This section is from "The American Cyclopaedia", by George Ripley And Charles A. Dana. Also available from Amazon: The New American Cyclopędia. 16 volumes complete..
Joseph Fesch, cardinal, and archbishop of Lyons, born in Ajaccio, Corsica, Jan. 3, I763 died in Rome, May 13, 1839. He was the son of a Swiss officer in the Genoese service, and half brother of Letizia Ramolino, the mother of Napoleon Bonaparte. He was archdeacon of the chapter of Ajaccio when the chapters were suppressed by the revolution of 1789. In 1793 he was exiled with the Bonapartes, and being without resources laid aside his priesthood and was appointed commissary of war to the army of Italy, of which subsequently his nephew Napoleon received the command. He resumed his ecclesiastical functions when the first consul determined to reestablish in France the Catholic worship, and was active in the negotiations between Napoleon and Pius VII. which prepared for the concordat of July 15, 1801. The influence of his nephew made him archbishop of Lyons in 1802, and obtained a cardinal's hat for him in 1803. As ambassador of France at Rome in 1804, after conducting the negotiations, he accompanied Pius VII. on his way to Paris to crown the emperor.
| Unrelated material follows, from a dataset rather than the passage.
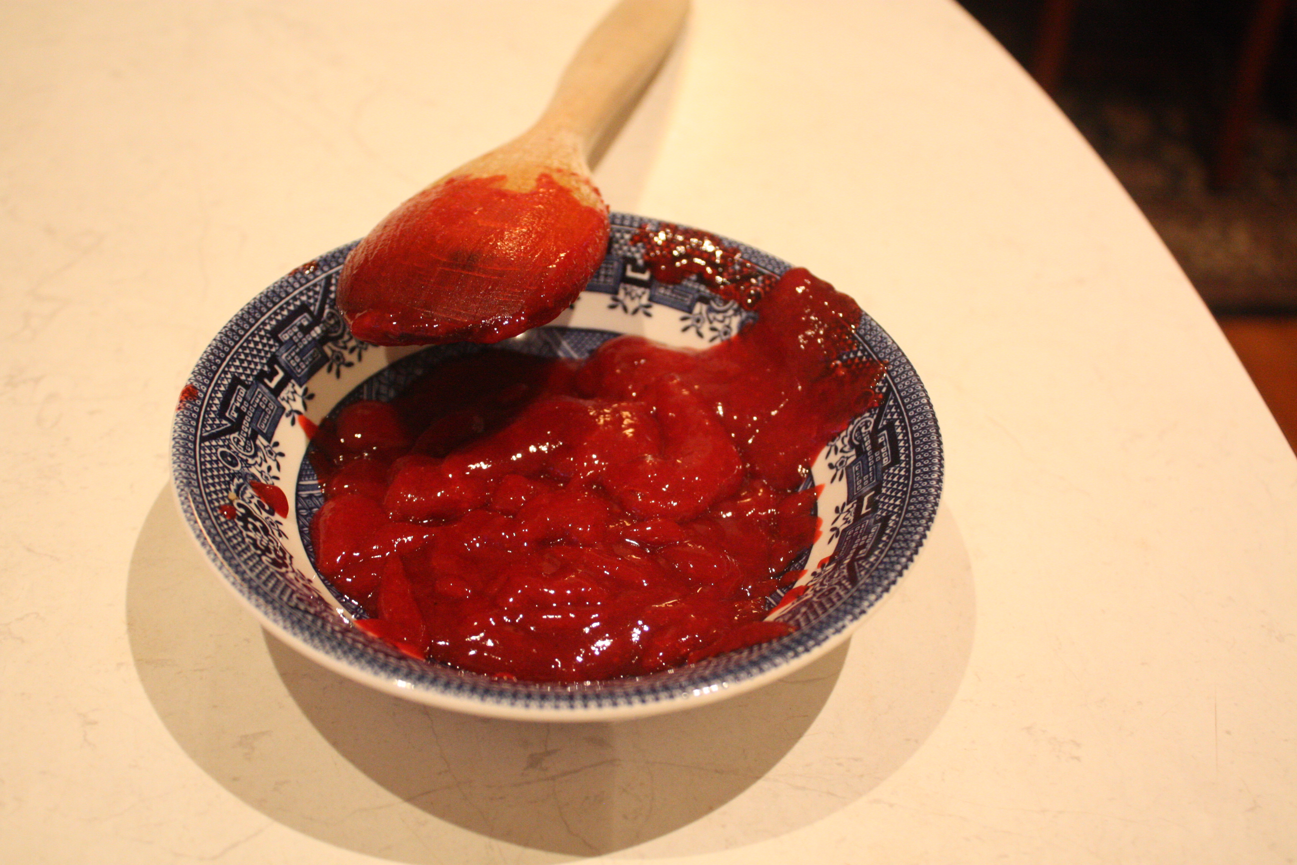 It’s going to look a little bit like something from a bad horror film – all red and gloopy, but it’s delicious. Set your puree aside, you’ll need it in about ten minutes.

Many civil dignities and emoluments were subsequently conferred upon him, but in 1809 he declined the archbishopric of Paris, to which Napoleon, wishing to make some one of his family the head of the French clergy, nominated him.
He was president of the council which sat in Paris in 1810, and also of the national council of 1811, called to consider the disagreement between Napoleon and the holy see concerning the nomination of bishops. In this capacity he did not satisfy the emperor, and for a time he disappeared from court; and he afterward adhered to the pope, greatly to the displeasure of his nephew. Upon the fall of Napoleon he retired to Rome, but was recalled to Paris during the hundred days. After the battle of Waterloo he lived in retirement in Rome. His collection of paintings, one of the largest ever brought together by a single person, was dispersed after his death.